Рукописная книга состояла из двух больших поэм — «Победной летописи» Моллы Шакира, поэта из Кучара, и «Священной войны» Билала Назыма. Написанные сто лет назад, обе поэмы рассказывали о войне уйгуров против китайских завоевателей. Садык прежде читал эти поэмы в отрывках, сейчас же в его руках был полный текст. Он с волнением листал пожелтевшие страницы.
Умерший в мазаре устод был не только переписчиком, каллиграфом, но еще и поэтом.
Садык обещал старому шейху непременно сюда вернуться после того, как он устроит свои дела в Буюлуке.
Выйдя за город, Садык не стал ждать попутную подводу, а решил идти в Буюлук пешком. Слегка кружилась голова, но было радостно сознавать, что нет возле тебя конвоя и спать ты будешь уже не в камере.
Возле широкого арыка с чистой водой из каризов Садык присел отдохнуть. Из головы не выходило рубайи устода. Садык достал из кармана блокнот и карандаш, купленные в городе, и записал это рубайи. Получилось нечто вроде эпиграфа. Затем он тщательно вывел заголовок: «Мечта каллиграфа» и набросал первое четверостишие. Так легко, вдохновенно, казалось, он еще никогда не писал, будто кто-то невидимый диктовал Садыку строку за строкой, и он едва успевал записывать.
Развалины мазара. Всюду лег Глубокий мрак, и ночи нет конца. «Свеча шайтана» — тлеет огонек, Скрипит перо под пальцами писца. Он скрылся здесь, уединенью рад. Спешит достан переписать, он стар. И силы уже нет идти назад В разграбленный, измученный Кашгар. Он стонет: «Бедная моя страна, О, что вчера я увидал, аллах! Захватчики на наших площадях Жгут книги, дорогие письмена. Не просто — книга, редкий манускрипт, Там, в пламени удушливом, как бред, История народа там горит! А без истории народа нет!..» Свет меркнет… Трудно дряхлому писцу, Но он все пишет, даже смерть поправ: Ведь если труд не подошел к концу, И умереть не смеет каллиграф! Под звездами, превозмогая дрожь, Он шепчет: «Труд свой я векам отдам.
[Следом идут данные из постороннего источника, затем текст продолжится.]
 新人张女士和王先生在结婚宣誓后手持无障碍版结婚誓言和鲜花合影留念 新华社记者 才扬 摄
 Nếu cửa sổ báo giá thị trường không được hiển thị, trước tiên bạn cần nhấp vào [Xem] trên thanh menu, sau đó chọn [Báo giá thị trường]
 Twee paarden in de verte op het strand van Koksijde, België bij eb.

Где ты, потомок, мой достан найдешь, Знай, и останки летописца там!..» Достан звенит!.. Но не повсюду, нет, Поют не все уйгурские уста: Где жил когда-то каллиграф-поэт, Там вновь беда, там снова — темнота [24] .24
Перевод А. Коренева.
«Надо размножить эти стихи, — решил Садык, — и передать их старому шейху на хранение».
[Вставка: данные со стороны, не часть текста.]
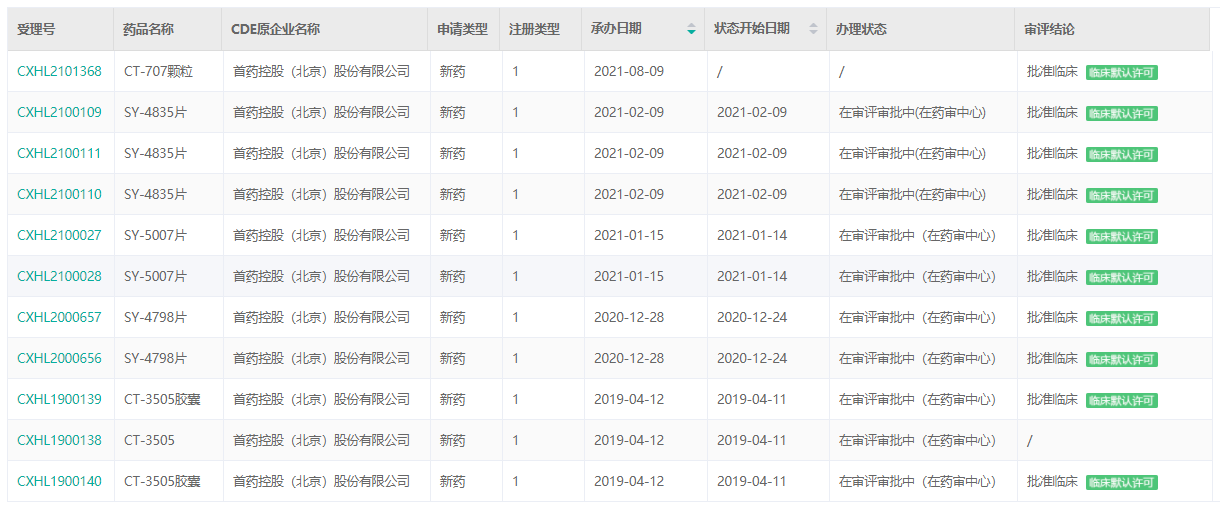 经药融云数据库查询,首药控股目前已向CDE递交了多款药物的临床申请,且都得到了临床默认许可。据统计,SY-4835片共3次;CT-3505胶囊、SY-4798片、SY-5007片各2次;CT-707颗粒一次。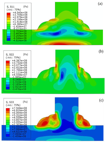 The residual stress calculation results are shown in Figure 9. The maximum value of the radial residual stress (S11) is 454 MPa, which is located at the tank bottom. The radial residual tensile stress at the discontinuous joint between the weld and tank bottom is 343 MPa, and the corresponding compressive stress is formed in the interior of the tank bottom.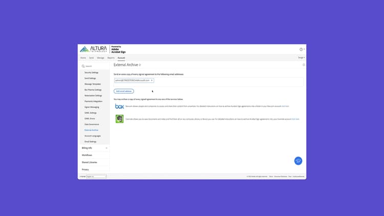 Découvrez comment ajouter des utilisateurs à votre compte, configurer des groupes, partager l’accès et configurer un workflow, une archive externe, ainsi que des événements et alertes partagés. Ces tutoriels sont conçus pour les administrateurs qui ont dépassé la phase d’installation et sont prêts à commencer à administrer Acrobat Sign. Les tâches avancées couvrent des rubriques qui s’étendent au-delà de la configuration de l’administrateur et abordent la définition des paramètres généraux, le partage et l’accès au compte, ainsi que le balisage de texte.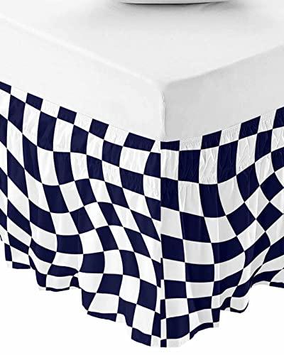 Modern Black Bed Skirt King Size 18 Inch Drop, Adjustable & Elastic Wrap Around Bed Skirts Pleated Luxury Dust Ruffles for Twin Full Queen Cal King Base Bed, Geometric White Checkered Lattice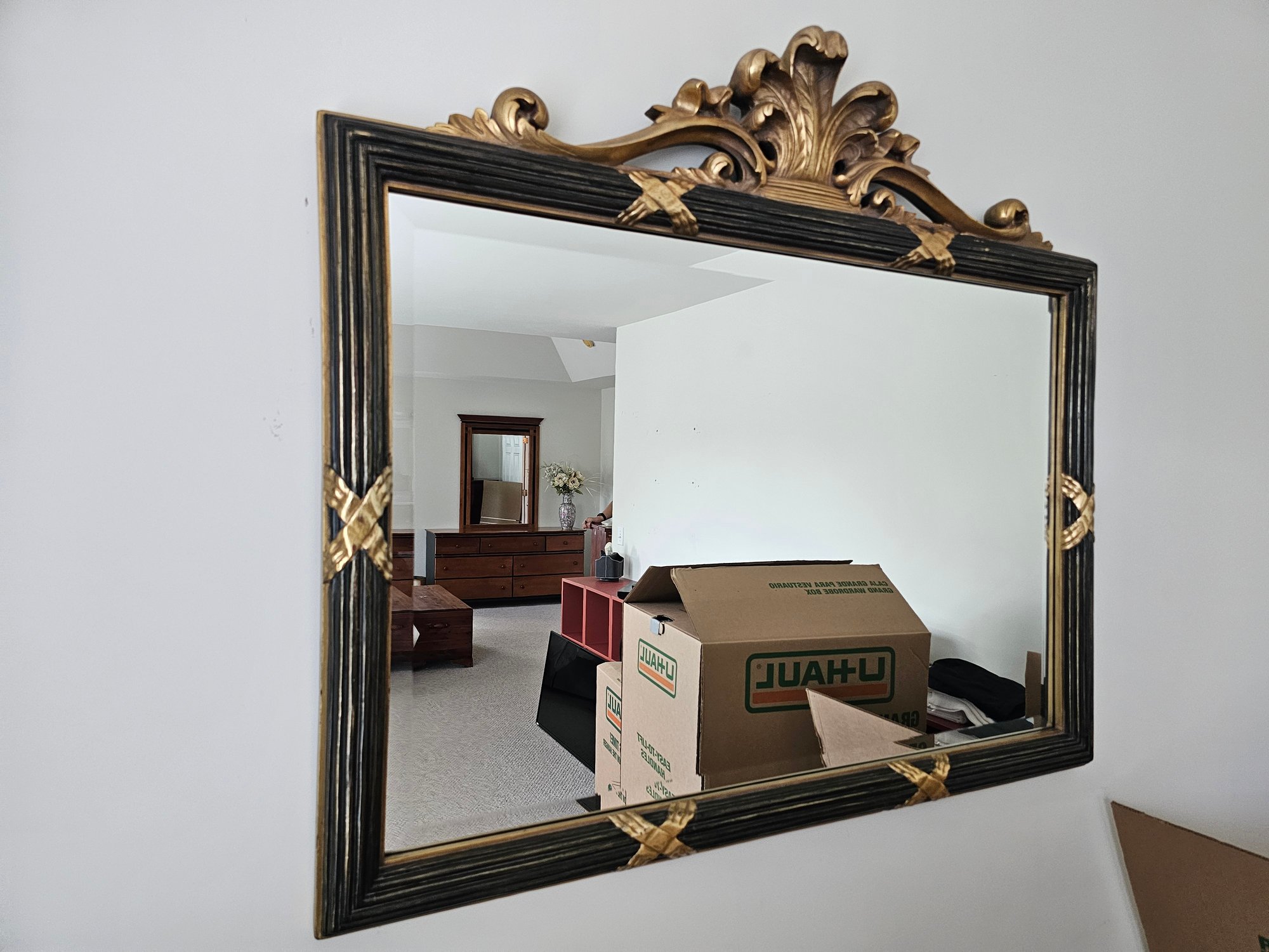 Ornate Mirror, measures 39x35 Carved portion may be a composite material

Садык поднялся удовлетворенный, будто после хорошо проделанной большой работы, и пошел дальше. Он мысленно представлял, как встретят его сейчас старые Самет и Хуршида, усадят за дастархан, расскажут новости, потом Садык будет наводить порядок в заброшенном доме Масима-аки, а потом пойдет в школу…
Неожиданно позади Садыка послышался звонкий голос:
— Садыкджан!
Он обернулся, увидел мула, запряженного в арбу, мальчика с хворостиной. С арбы легко спрыгнула Ханипа и побежала к Садыку, раскинув руки.